Проход упирается в обшарпанную металлическую дверь. Внизу - полоска дневного света. Прислушиваюсь. В щели тонко завывает ветер; откуда-то доносится едва слышный фон машин. Всё. Осторожно пытаюсь открыть дверь; она подаётся вперёд, но остаётся висеть на с виду хлипком замке, закрытом с другой стороны. Прислушиваюсь ещё раз, потом разбегаюсь и изо всех сил тараню дверь плечом. Язычок замка попросту вылетает из механизма, и дверь открывается.
Я оказываюсь в маленькой светлой комнате с двумя узкими скамьями посреди. Вдоль стен стоят около десятка жестяных шкафчиков для одежды, как в армейской раздевалке. В большом окне на соседней стене видна безлюдная подворотня с мусорными баками. Стена с окном продолжается дальше, уходя за поворот. Дальше - вторая часть комнаты с душем и полками для инструментов. С другой стороны - запертая дверь, новее и крепче той, через которую вошёл я.
Возвращаюсь в угол со шкафчиками и открываю обе сумки. Там, внизу, не было времени осматривать трофеи, нужно было брать всё, что казалось ценным, и уходить. На дне сумки, под винтовками, светился экран мини-коммуникатора. Все эти сенсорные беспроводные штучки-дрючки - слишком новые для меня, я их не понимаю. Я навсегда остался в ХХ веке - с обычными мобильниками без "наворотов", телефонными модемами и кабельным телевидением. Я бы давно научился пользоваться всей этой новой техникой, если бы было надо. А сейчас мне больше нужен не компьютер размером с наручные часы, а деньги, которые можно за него получить.
Экран до сих пор показывает карту. Он даже как-то понял, что я выбрался на поверхность. Белые линии на синем фоне обозначают ближайшие улицы, посередине мерцает красная точка. Видимо, так они отслеживают перемещение друг друга. Почти по наитию прикасаюсь к экрану двумя пальцами и развожу в сторону - изображение увеличивается. Так и есть, это не одна точка, а несколько, слившиеся в одну. Достаю два других коммуникатора - они выключены, но, кажется, это не мешает им передавать сигнал. Возможно, не надо их продавать. Они пригодятся и мне. Чтобы проверить чувствительность датчика, отхожу с включённым коммуникатором к дальней стене.
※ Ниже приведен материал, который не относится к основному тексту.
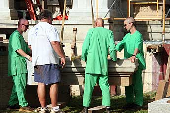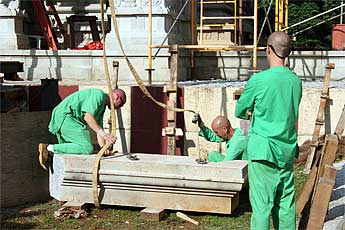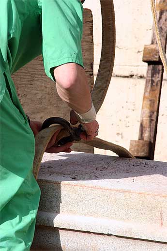 Exacting placement of a stone weighing 3,000 pounds while up in the air like this is a challenge.

И ничего не происходит. Сросшиеся красные точки придвигаются к окну вместе со мной, а на месте сумки остаётся пустота. Что за чёрт. Прислоняю коммуникатор к стене, чтобы было видно экран, и отбегаю обратно к сумке.
– У вас всё готово, Эванс?
– Не сомневайтесь. Всё ровно так, как обычно.
– Я вам уже говорил, Эванс, что вы прекрасный работник?
Эванс только улыбнулся и посмотрел на носки ботинок. Вряд
– Господин директор.
– Да?
– Я уже давно задаюсь вопросом: зачем каждый раз такие приготовления? Господин Копф - глава компании, и отношение к нему должно быть соответствующее, это естественно. Но я знаю, что с другими руководителями он встречается в более... рабочей обстановке. Почему же с вами - так? Если это что-то личное, конечно, я не хочу знать ответ, и...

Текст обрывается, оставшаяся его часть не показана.